As a result, Central Valley farmers have for years been drawing down groundwater at an alarming rate. Between 2003 and 2010, the valley’s aquifers lost a total of 20 cubic kilometers of groundwater—enough to meet the household water needs of New York City for 11 years.

And then came the current drought, which started in 2011, when suddenly the region’s groundwater was being pumped up at an estimated rate of nearly seven cubic kilometers per year. That’s the same amount of water that everyone in Texas uses at home annually. Jay Famiglietti, a senior water scientist at NASA’s Jet Propulsion Laboratory who tracks groundwater depletion, points out that no one knows exactly how much water is left in the region’s aquifers—mainly because the state’s lax regulation means no one keeps track—but the current depletion rate has pushed the state “to the edge of a cliff,” he recently wrote. Meanwhile, several recent studies suggest that the West is actually in the early stages of a multidecade “megadrought.”
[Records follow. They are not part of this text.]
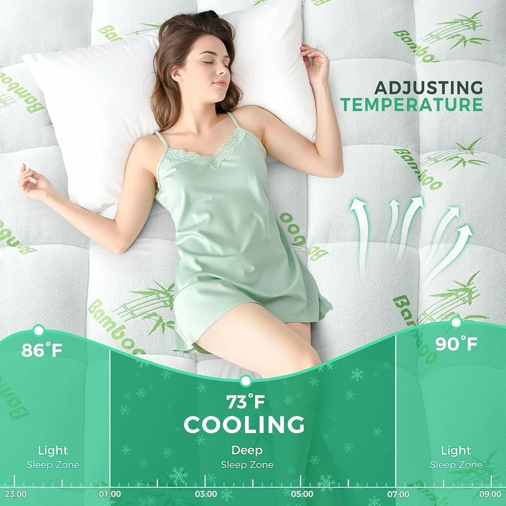 NUVOLETA Queen Mattress Topper - 100% Viscose Bamboo Cooling Cover in White
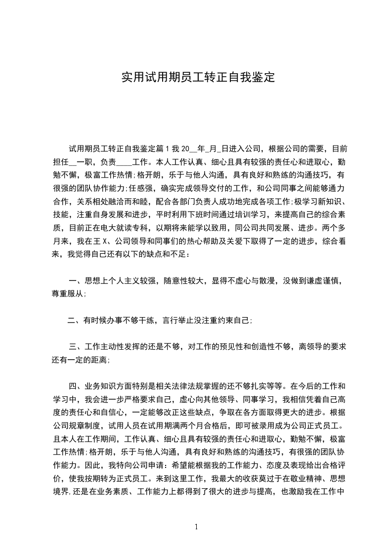 试用期员工转正自我鉴定篇1我20__年_月_日进入公司,根据公司的需要,目前担任__一职,负责____工作。本人工作认真、细心且具有较强的责任心和进取心,勤勉不懈,极富工作热情;格开朗,乐于与他人沟通,具有良好和熟练的沟通技巧,有很强的团队协作能力;任感强,确实完成领导交付的工作,和公司同事之间能够通力合作,关系相处融洽而和睦,配合各部门负责人成功地完成各项工作;极学习新知识、技能,注重自身发展和进步,平时利用下班时间通过培训学习,来提高自己的综合素质,目前正在电大就读专科,以期将来能学以致用,同公司共同发展、进步。两个多月来,我在王X、公司领导和同事们的热心帮助及关爱下取得了一定的进步,综合看来,我觉得自己还有以下的缺点和不足: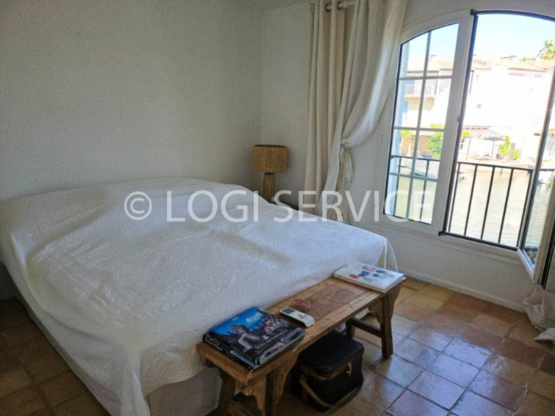 Une double exposition avec une terrasse côté canal avec son amarrage de 10.7 mètres et une cour côté rue . En rdc, une entrée avec cuisine contemporaine, un séjour avec cheminée.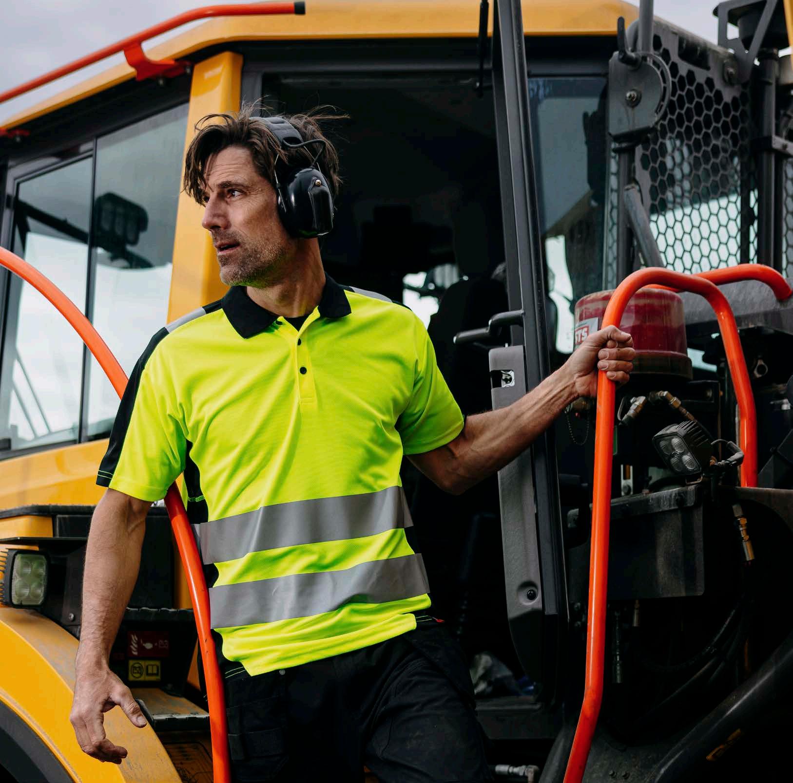 Farger: safety gul, safety orange, safety rød.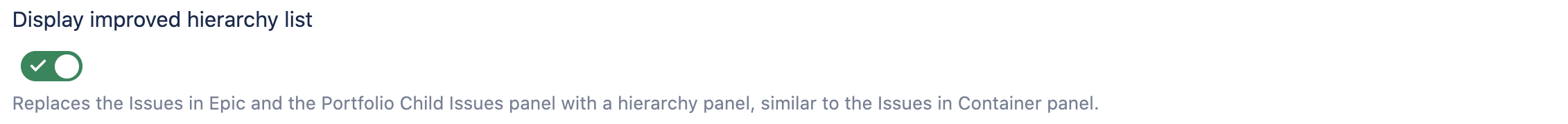 If this functionality is activated the Issues in epic / Portfolio issue panel will be replaced with a hierarchy panel. This hierarchy panel works like the issues in container list.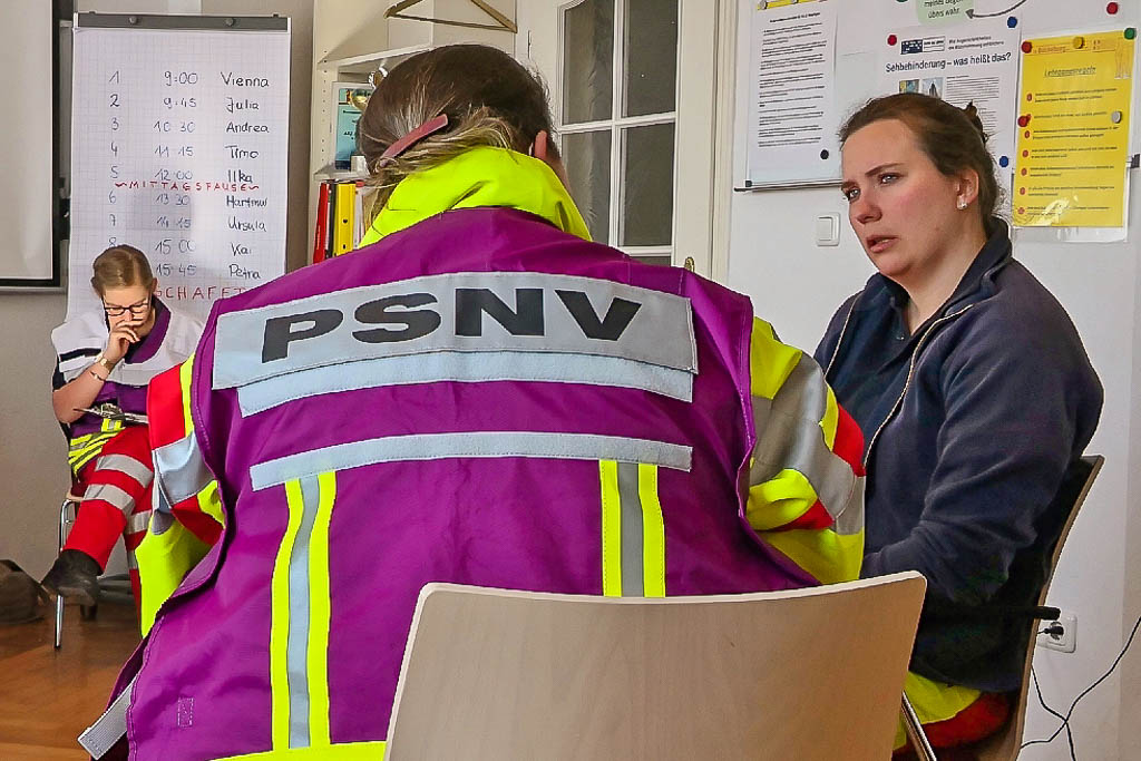 „Unfälle und Suizide sind zeitintensiv“, so PSNV-Helferin Julia Mehlau, hier hatten wir dieses Jahr bereits einen Einsatz, der über vier Stunden dauerte. „Die PSNV-Staffel kann rund um die Uhr, 365 Tage im Jahr von der Rettungsleitstelle alarmiert werden“, ergänzt Petra Stenske, Diplom Psychologin und Notfallpsychologin. Sie kümmert sich unter anderem als fachliche Leitung um die Aus- und Fortbildung der Helfer. Dass die Ehrenamtler gebraucht werden, spiegelt die Bilanz wider. So ist die Einheit letztes Jahr bereits neun Mal zum Einsatz gekommen. Aktuell fand in Bückeburg ein Lehrgang statt, um weitere Helfer zu gewinnen. Der beim ASB-Niedersachsen erstmalige Pilotlehrgang umfasste eine 100-stündige Ausbildung zum Kriseninterventionshelfer. Die Ausbildung wurde von den ASB-Gliederungen finanziert und konnte dank einer Spende von 1.000 € des Paritätischen Wohlfahrtsverbandes für alle Teilnehmer vergünstigt angeboten werden. Die Ausbildung dauerte mit zwölf Teilnehmern aus ganz Niedersachsen und Hamburg insgesamt sechs Monate. Der Lehrgang umfasste unter anderem Kommunikation, Stress- und Belastungsreaktionen, Methoden der psychischen Stabilisierung und den eigenen Umgang mit Belastungen. Die Inhalte entsprechen dem gemeinsamen Curriculum der großen Hilfsorganisationen und Kirchen.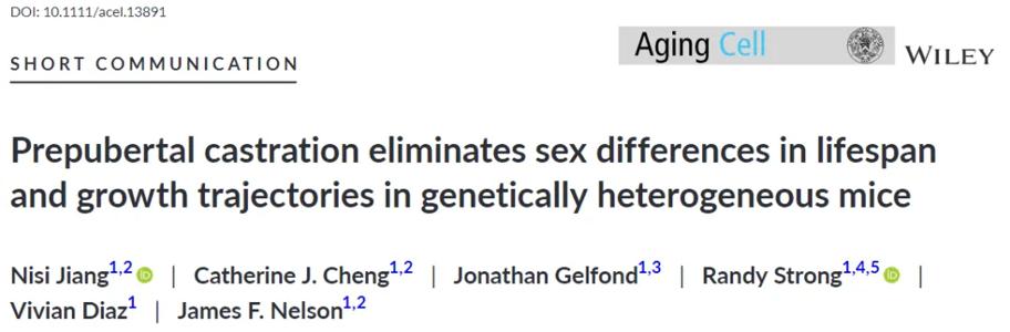 無獨有偶,James Nelson教授帶領的科研團隊在《Aging Cell》期刊上發表了一項研究也指出,在青春期前進行閹割的雄性小鼠,它們的壽命和雌性小鼠不相上下。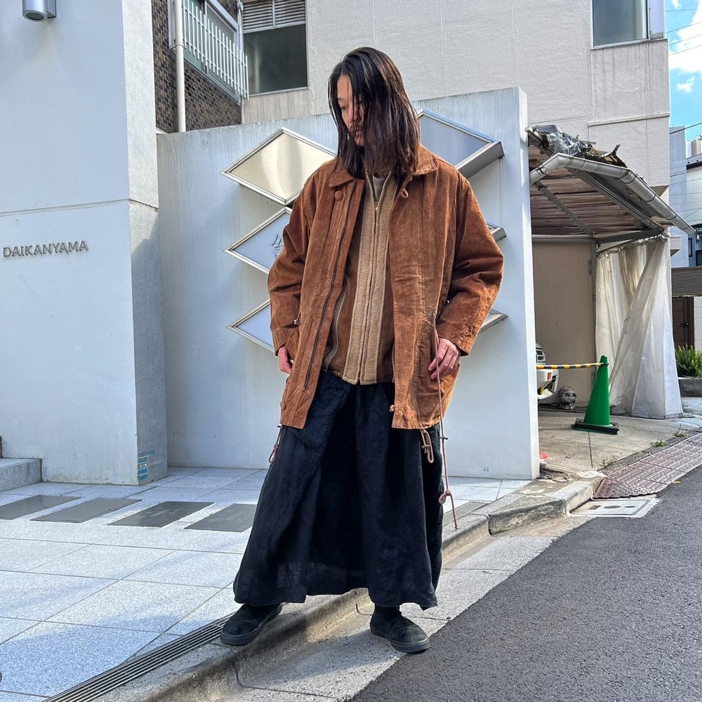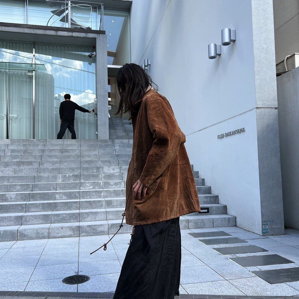 A field jacket type design that is easy to match with 80s suede jackets.A matte texture typical of suede with an earthy and masculine feel.Brown color.A piece of pig suede material that is lighter than cow suede.The loose size makes it perfect for a layered style in winter. This is also a suitable item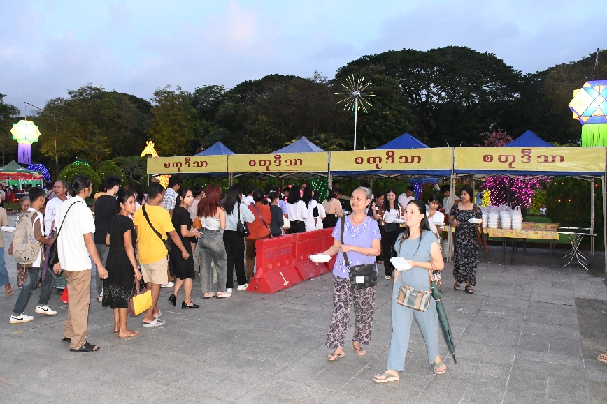 အဆိုပါပွဲတော်တွင် အွန်လိုင်းမားကတ်တွင် ရောင်းချနေသည့် အစားအစာများနှင့် လူသုံးကုန်ပစ္စည်းများ၊ ရန်ကုန်တိုင်းဒေသကြီးအတွင်းရှိ စက်မှုဇုန်များမှ ထုတ်လုပ်သည့် အစားအသောက်များ၊ လူသုံးကုန်ပစ္စည်းများ၊ မြန်မာနိုင်ငံ အလှမွေးငါး လုပ်ငန်းရှင်များအသင်း၏ အလှမွေးငါး၊ အိမ်မွေးတိရစ္ဆာန်နှင့် တွားသွားသတ္တဝါ အရောင်းပြခန်းများ၊ မြန်မာနိုင်ငံကုန်သည်များနှင့် စက်မှုလက်မှုလုပ်ငန်းရှင်များအသင်း၏ အရောင်းပြခန်းများ၊ တိုင်းဒေသကြီးနှင့် ပြည်နယ်အသီးသီးမှ ဒေသထွက်ကုန် ရိုးရာအစားအစာများနှင့် လက်မှုပစ္စည်း အရောင်းဆိုင်များအပြင် စားသောက်ဆိုင်ခန်းများ ဖွင့်လှစ်ရောင်းချခဲ့ပြီး လာရောက်အပန်းဖြေသူ အများပြည်သူများအား ရန်ကုန်တိုင်းဒေသကြီးအစိုးရအဖွဲ့မှ တာဝန်ရှိသူများက စတုဒီသာအလှူအဖြစ် သီးစုံဒံပေါက်၊ ထမင်းနှင့်ဟင်းများ၊ အအေးမျိုစုံတို့ဖြင့် ကျွေးမွေးဧည့်ခံခဲ့ကြကြောင်းနှင့် ပွဲတော်နောက်ဆုံးနေ့တွင် ပြည်သူသောင်းနှင့်ချီ လွတ်လပ်ပျော်ရွှင်စွာပါဝင်ဆင်နွှဲခဲ့ကြကြောင်း သတင်းရရှိပါသည်။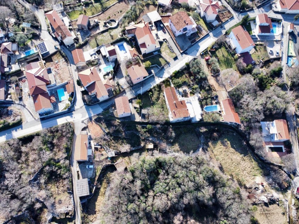 Zemljište se sastoji od dvije katastarske čestice (z.č. 3179 i 3182 k.o. Dobrinj) te ima pravilan oblik koji omogućuje jednostavno planiranje gradnje. Dimenzije parcele omogućuju parcelaciju na dvije manje cjeline, svaka površine približno 400 m², uz interni pristupni put, što dodatno povećava investicijski potencijal.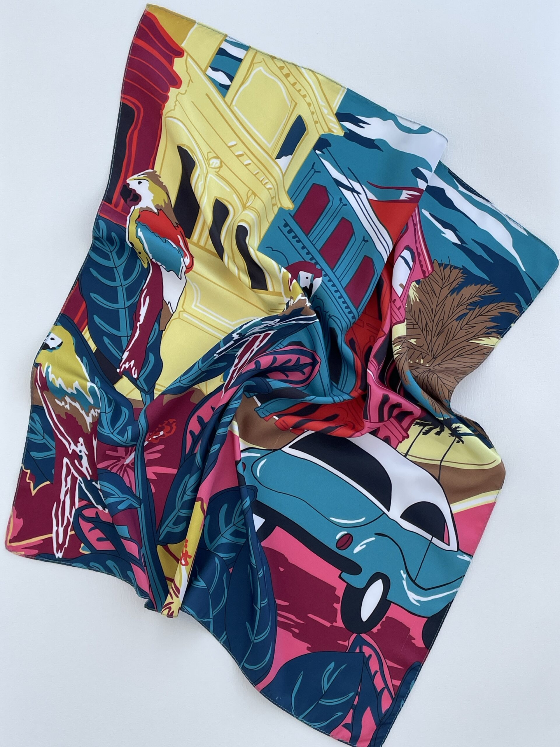 Renkli Şehir Görünüm Saten Fular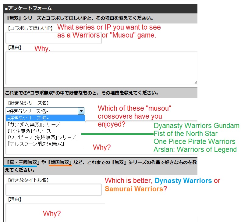 Famitsu is currently conducting a survey to see which musou games (“Warriors” games. Think Dynasty Warriors, Pirate Warriors, Dragon Quest Heroes, Hyrule Warriors and so on) have been the fan favorites and more importantly, what other franchises you’d like to see as musou games. Koei Tecmo does a lot of listening to surveys like this, so if you want to show your fan demand for a particular franchise, this seems like the place to do it. Need help filling out this Japanese survey? Good news! I’m Heath and this is kind of what I do! 😀

Experts worry that the combination of overpumping and drought could be catastrophic for the Central Valley, whose economy depends on being one of the world’s most productive farming areas. Richard Howitt, an agricultural economist at the University of California-Davis Center for Watershed Sciences, told me that he considers the situation “a slow-moving train wreck.”
 

You may think of almonds as the crunchy joy in your candy bar, the protein blast in your cereal. But to Wall Street, they have emerged as a white-hot global commodity—spawning a mini-gold-rush for the Central Valley, where more than 80 percent of the world’s almonds, as well as increasing percentages of pistachios and walnuts (43 percent and 28 percent, respectively), are grown.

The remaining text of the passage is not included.